Erich finds this to be a very interesting piece of information in relation to hydraulic fracturing.  He said it shows that with proper casing, the chemicals, which are heavy, will not naturally progress upward. He said they would have to be pumped into the aquifer, so it is unlikely that fracturing water can contaminate groundwater supplies. When people ask him if he is afraid of fracturing near his home, he tells them that he is most concerned about his water during vertical operations which pass through fresh water aquifers.  Some of these operations can be close to 1000 feet deep.  Therefore it is very important that the protective gas well casing and cement grout are constructed carefully.  This means casing must not have any defects and cement must be pumped carefully and allowed to set, in the water industry the guidance is at least 24 hours, before continuing the drilling process. 

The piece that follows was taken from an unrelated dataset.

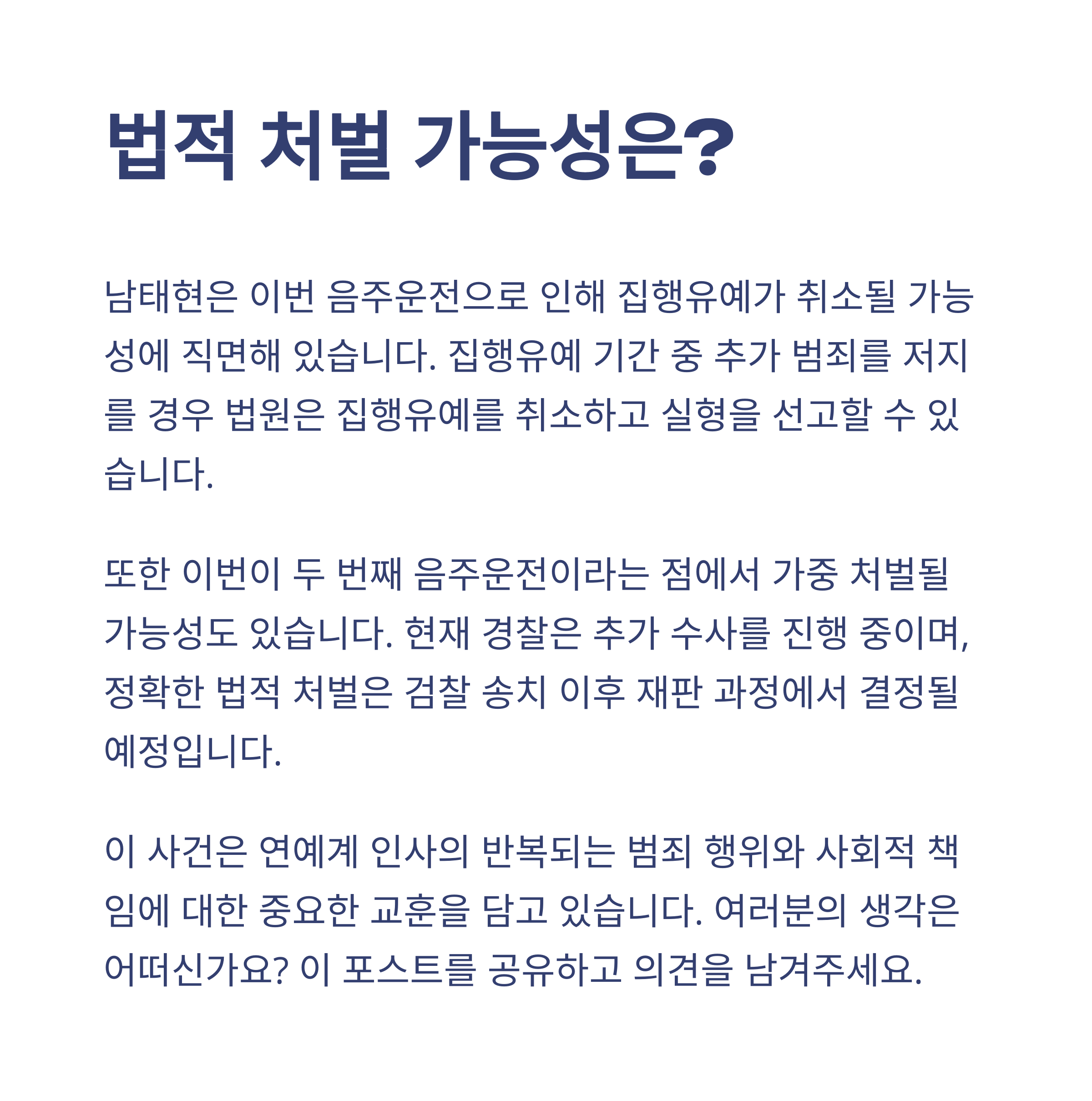 현재 남태현은 집행유예 기간 중 또다시 범죄를 저지른 상태입니다. 집행유예가 취소될 가능성이 매우 높으며, 그럴 경우 실형을 선고받게 될 수 있습니다. 특히 이번 음주운전이 두 번째라는 점에서 법원은 더욱 엄격한 판단을 내릴 수 있습니다.

He’s not worried about  hydraulic fracturing, and with his position as the Emergency Response Program Manager, he has investigated many incidents in this area and knows perfectly well what  could go wrong.  Knowing his background, this spoke volumes to me about how misinformed the public is on the topic of hydraulic fracturing.


To remediate barium contamination well owners have two solutions.  They can either find a new source of water or put  a treatment system in place. In the 1980s, most chose treatment systems. Some people used softeners (sodium chloride) that would bond with the barium and clean it up or Green Sand. Others chose to put in reverse osmosis systems that remove the barium completely.

According to Erich, today if someone were to claim that drilling is the cause of barium in their water well, DEP would first look at the geology of the area surrounding your home as this plays a key factor in determining if you are located in an area with high concentrations of barium. They would then measure the depth of your well to see if it goes into the limestone formations below the aquifers, and Erich said he would hope a resident already had a baseline test conducted to show what their barium levels have been.

Why Is This Important?

Natural gas seems to be the new scapegoat anytime anything negative happens in the Commonwealth. From methane to barium, landowners are claiming contamination from natural gas operatrions nearby. Stray gas can occur from the production process, but it also can be pre-existing in water supplies or be found when digging for them.  Barium was a relatively new accusation, and when DEP released the results of a recent outcry we have been covering, it started to come to light that barium problems have been pre-existing in these counties for quite awhile (and not just because of the Bell Landfill Superfund Site). It is important for homeowners to be educated on this topic and to have their water tested, whether natural gas production is happening nearby or not.